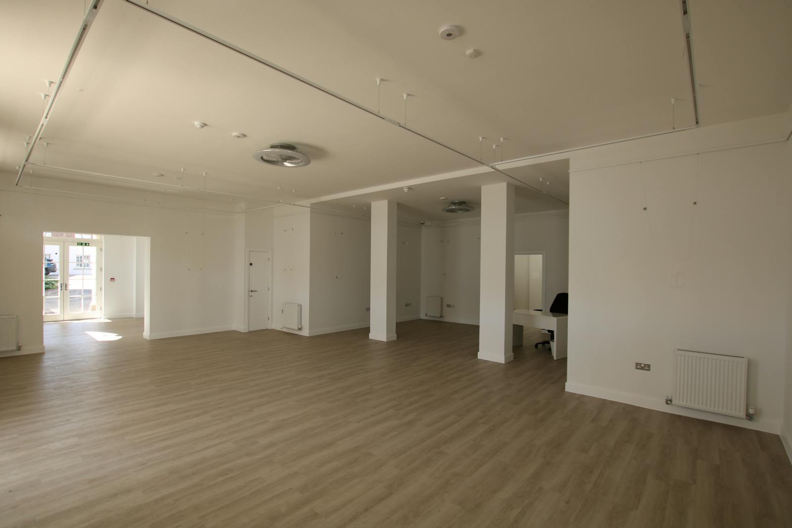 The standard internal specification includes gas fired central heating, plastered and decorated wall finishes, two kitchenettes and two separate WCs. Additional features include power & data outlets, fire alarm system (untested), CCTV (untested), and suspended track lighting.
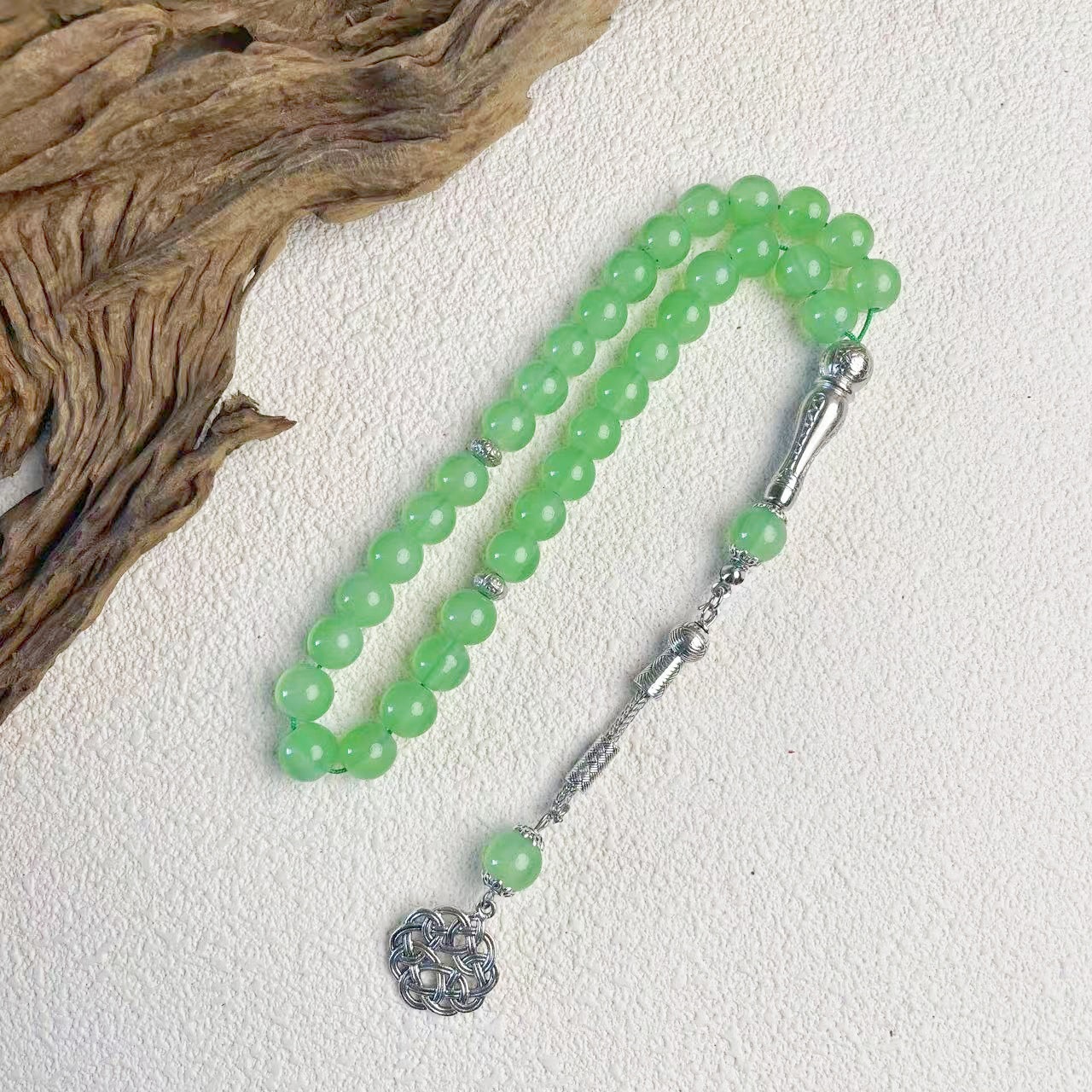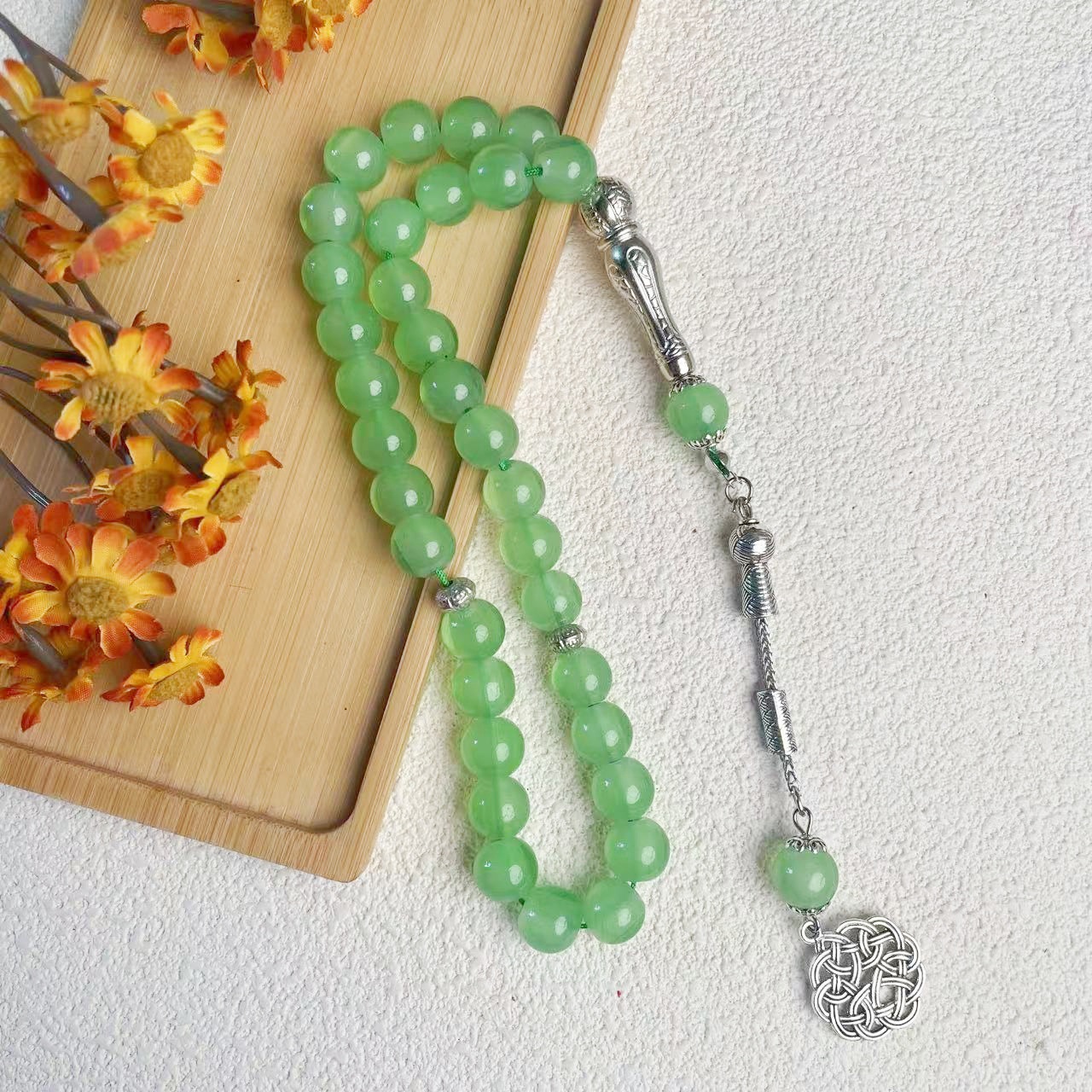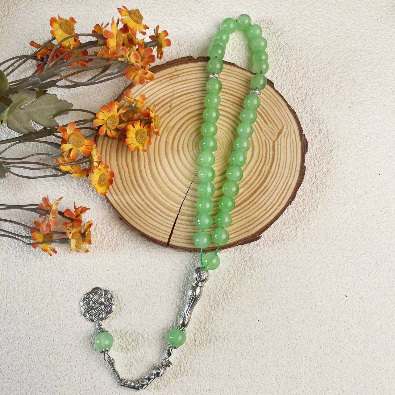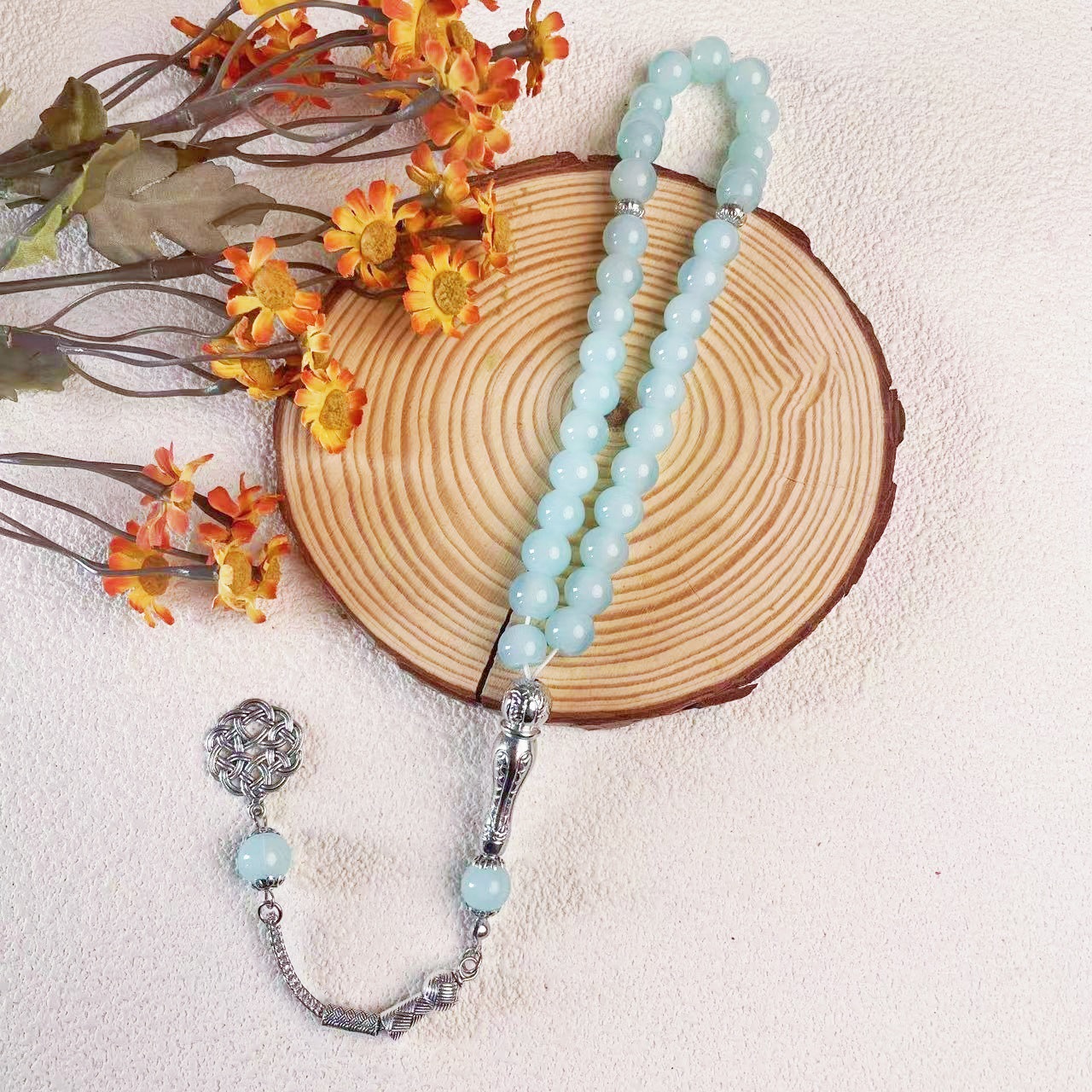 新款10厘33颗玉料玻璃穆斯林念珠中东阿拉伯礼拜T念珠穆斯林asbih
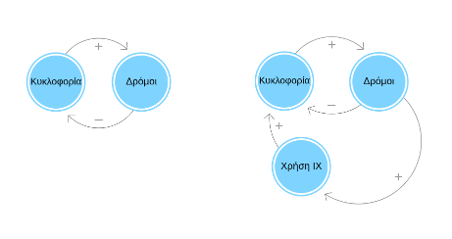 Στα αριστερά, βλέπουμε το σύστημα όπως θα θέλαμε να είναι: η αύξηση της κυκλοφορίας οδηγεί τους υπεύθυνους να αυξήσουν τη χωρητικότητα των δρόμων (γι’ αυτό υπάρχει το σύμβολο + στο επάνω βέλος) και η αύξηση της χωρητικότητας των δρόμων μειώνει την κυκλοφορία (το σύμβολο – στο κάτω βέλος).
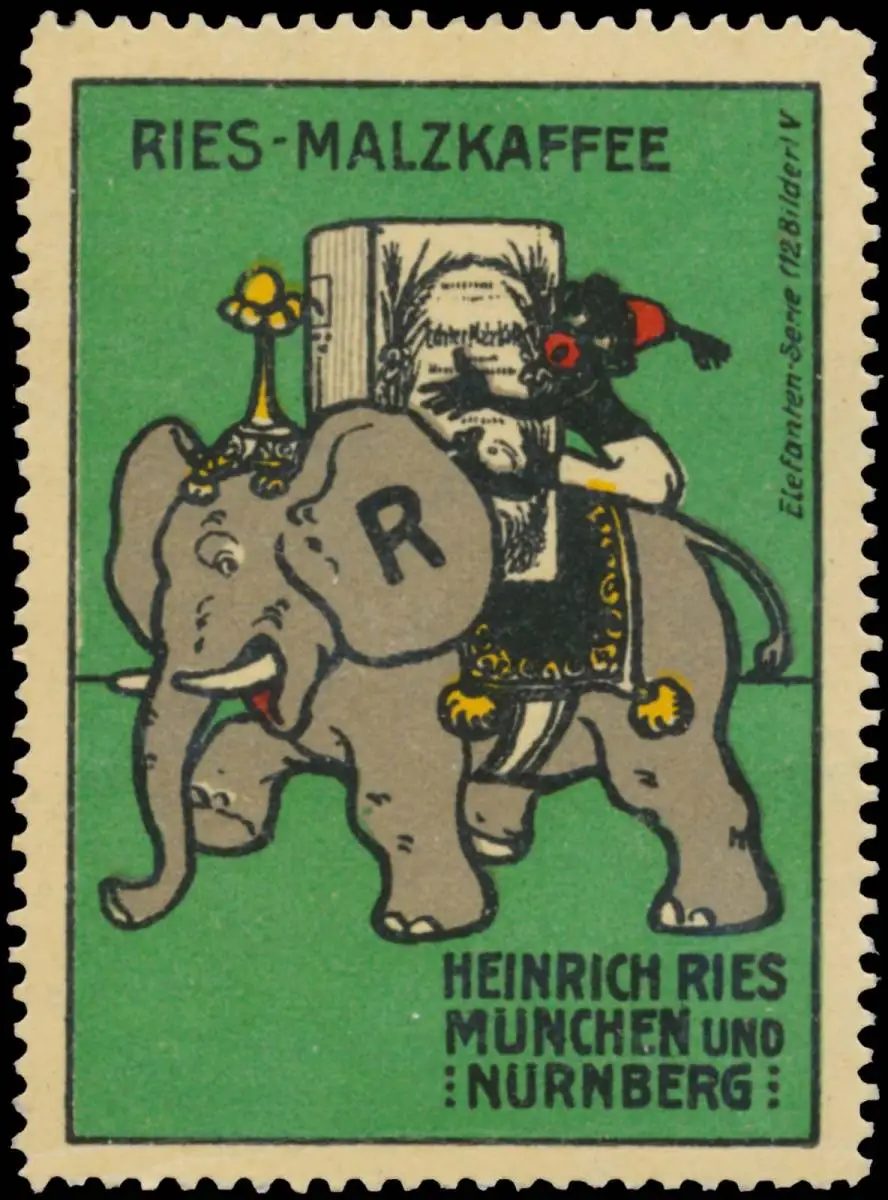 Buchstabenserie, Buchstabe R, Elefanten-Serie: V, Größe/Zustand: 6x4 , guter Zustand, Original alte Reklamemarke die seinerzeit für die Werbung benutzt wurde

- - - - -

Work order
Give back exactly the lines from the one containing "新款10厘33颗玉料玻璃穆斯林念珠中东阿拉伯礼拜T念珠穆斯林asbih" through the last line above, both included, and none of the pictures.

Answer space
 新款10厘33颗玉料玻璃穆斯林念珠中东阿拉伯礼拜T念珠穆斯林asbih
 Στα αριστερά, βλέπουμε το σύστημα όπως θα θέλαμε να είναι: η αύξηση της κυκλοφορίας οδηγεί τους υπεύθυνους να αυξήσουν τη χωρητικότητα των δρόμων (γι’ αυτό υπάρχει το σύμβολο + στο επάνω βέλος) και η αύξηση της χωρητικότητας των δρόμων μειώνει την κυκλοφορία (το σύμβολο – στο κάτω βέλος).
 Buchstabenserie, Buchstabe R, Elefanten-Serie: V, Größe/Zustand: 6x4 , guter Zustand, Original alte Reklamemarke die seinerzeit für die Werbung benutzt wurde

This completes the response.